── Task data ──
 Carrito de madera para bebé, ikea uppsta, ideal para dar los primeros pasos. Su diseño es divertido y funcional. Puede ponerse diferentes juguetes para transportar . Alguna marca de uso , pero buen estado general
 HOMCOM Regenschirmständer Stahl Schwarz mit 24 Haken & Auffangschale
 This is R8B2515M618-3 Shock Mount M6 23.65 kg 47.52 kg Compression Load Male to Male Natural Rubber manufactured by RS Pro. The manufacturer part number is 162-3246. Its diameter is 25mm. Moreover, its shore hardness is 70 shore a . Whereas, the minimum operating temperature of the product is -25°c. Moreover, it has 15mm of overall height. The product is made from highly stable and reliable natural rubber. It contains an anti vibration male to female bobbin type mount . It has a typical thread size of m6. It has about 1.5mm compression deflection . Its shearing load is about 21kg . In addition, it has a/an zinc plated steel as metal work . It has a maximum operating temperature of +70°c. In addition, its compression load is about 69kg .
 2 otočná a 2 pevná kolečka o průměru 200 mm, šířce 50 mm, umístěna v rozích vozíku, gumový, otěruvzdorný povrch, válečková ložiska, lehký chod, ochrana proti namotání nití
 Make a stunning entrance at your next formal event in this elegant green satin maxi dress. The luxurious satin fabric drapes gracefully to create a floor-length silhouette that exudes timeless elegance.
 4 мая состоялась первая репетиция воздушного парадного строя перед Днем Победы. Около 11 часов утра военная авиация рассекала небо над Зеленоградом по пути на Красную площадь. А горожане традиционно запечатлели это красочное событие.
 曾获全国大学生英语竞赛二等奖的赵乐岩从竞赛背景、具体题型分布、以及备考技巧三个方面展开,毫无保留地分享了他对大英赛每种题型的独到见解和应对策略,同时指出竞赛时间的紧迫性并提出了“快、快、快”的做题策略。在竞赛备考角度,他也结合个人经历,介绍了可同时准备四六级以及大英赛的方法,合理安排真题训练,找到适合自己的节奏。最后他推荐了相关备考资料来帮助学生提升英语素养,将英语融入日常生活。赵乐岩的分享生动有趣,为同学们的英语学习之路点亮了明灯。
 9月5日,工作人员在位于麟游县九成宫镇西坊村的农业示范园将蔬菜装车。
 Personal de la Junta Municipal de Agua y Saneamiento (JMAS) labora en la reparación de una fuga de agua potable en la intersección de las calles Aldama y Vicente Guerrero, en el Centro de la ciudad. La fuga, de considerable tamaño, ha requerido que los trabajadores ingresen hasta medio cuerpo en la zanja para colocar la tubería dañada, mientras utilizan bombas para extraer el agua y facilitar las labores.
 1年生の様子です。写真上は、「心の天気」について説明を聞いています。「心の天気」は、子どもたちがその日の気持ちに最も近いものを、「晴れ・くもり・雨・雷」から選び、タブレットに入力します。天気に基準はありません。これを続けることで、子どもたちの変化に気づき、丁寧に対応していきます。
───
◆ What the task requires ◆
Beginning at the line that holds "4 мая состоялась", reproduce the lines exactly up to and including the final line of the entries.

◆ Output for this exercise ◆
 4 мая состоялась первая репетиция воздушного парадного строя перед Днем Победы. Около 11 часов утра военная авиация рассекала небо над Зеленоградом по пути на Красную площадь. А горожане традиционно запечатлели это красочное событие.
 曾获全国大学生英语竞赛二等奖的赵乐岩从竞赛背景、具体题型分布、以及备考技巧三个方面展开,毫无保留地分享了他对大英赛每种题型的独到见解和应对策略,同时指出竞赛时间的紧迫性并提出了“快、快、快”的做题策略。在竞赛备考角度,他也结合个人经历,介绍了可同时准备四六级以及大英赛的方法,合理安排真题训练,找到适合自己的节奏。最后他推荐了相关备考资料来帮助学生提升英语素养,将英语融入日常生活。赵乐岩的分享生动有趣,为同学们的英语学习之路点亮了明灯。
 9月5日,工作人员在位于麟游县九成宫镇西坊村的农业示范园将蔬菜装车。
 Personal de la Junta Municipal de Agua y Saneamiento (JMAS) labora en la reparación de una fuga de agua potable en la intersección de las calles Aldama y Vicente Guerrero, en el Centro de la ciudad. La fuga, de considerable tamaño, ha requerido que los trabajadores ingresen hasta medio cuerpo en la zanja para colocar la tubería dañada, mientras utilizan bombas para extraer el agua y facilitar las labores.
 1年生の様子です。写真上は、「心の天気」について説明を聞いています。「心の天気」は、子どもたちがその日の気持ちに最も近いものを、「晴れ・くもり・雨・雷」から選び、タブレットに入力します。天気に基準はありません。これを続けることで、子どもたちの変化に気づき、丁寧に対応していきます。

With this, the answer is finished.